– Решим некоторые организационные вопросы, – возвестил ее громоподобный бас. – Особенно это касается адвокатов. Процесс рассчитан не на один месяц. Поэтому я не потерплю срывов. Другие дела и другие клиенты, а также здоровье – это ваши проблемы. Суд они касаться не должны. Прогул будет расцениваться как вызов, опоздание – как провокация. И поверьте мне, я умею укрощать даже самых строптивых.
«Боже мой! У нее, наверно, даже месячных не бывает!» – в ужасе подумала Елизавета. Как хорошо, что она не загружена делами. А вот Дьякову придется несладко. С его прорвой дел он неминуемо нарвется на судейскую немилость. Словно читая мысли Елизаветы, Дьяков обеспокоенно заелозил на месте.

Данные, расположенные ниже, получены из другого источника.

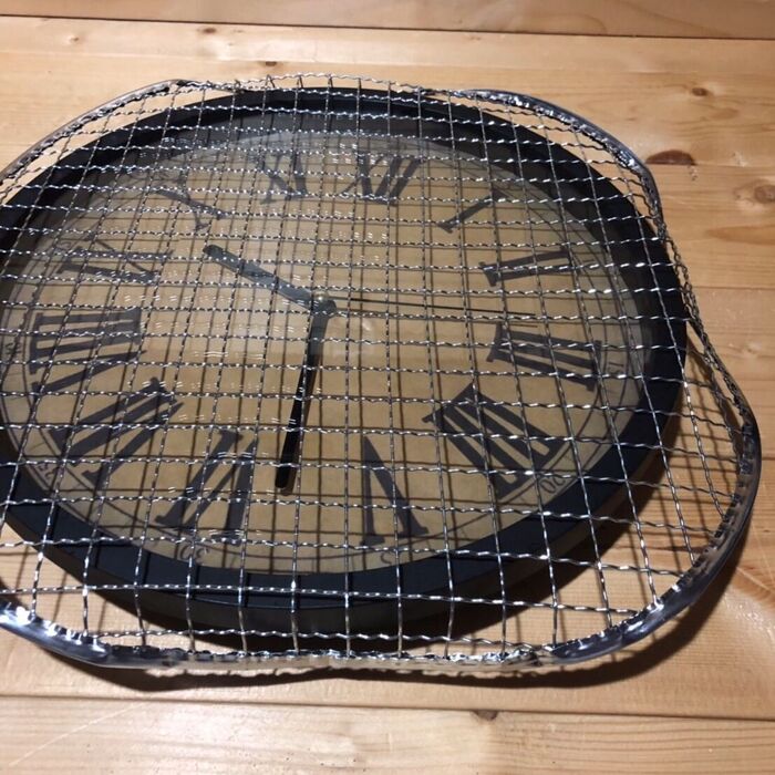 まずは時計の上に焼き網を乗せて、軽く曲げときます←力がない方は曲げなくても大丈夫です笑笑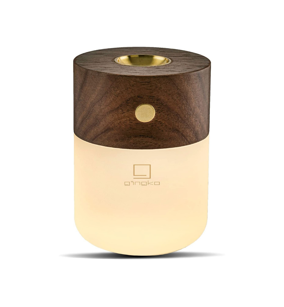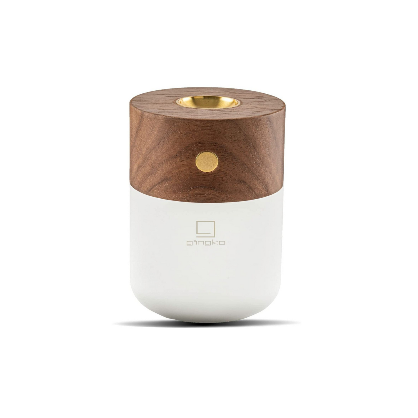 A portable and real wood ambient desk light with a seamlessly integrated copper plate oil burning diffuser. With a handy gold touch sensor control, it gently heats up to fill your room silently and slowly with your favourite scent whilst emitting a beautiful light through a frosted glass.

Выполнив некоторые необходимые процедуры, суд перешел к чтению обвинительного заключения. Прокурор Илюшин, молодой и, видимо, не намного опытнее Елизаветы, хорошо поставленным голосом начал перечисление инкриминируемых подсудимым деяний.
Елизавета огляделась. Зал был полон. Масса лиц заинтересованных, злобных, сочувствующих, просто любопытных и ни одного равнодушного. Дубровская кожей чувствовала, что сторонников потерпевших в зале неизмеримо больше. Они напряжены, внимательно ловят каждое слово, они жаждут мести. Самодовольная Савицкая слегка улыбается. В этом процессе ее задача не будет сложной. Фактически она дублирует прокурора. Чем больше суд даст Петренко и Перевалову – тем больше ее успех.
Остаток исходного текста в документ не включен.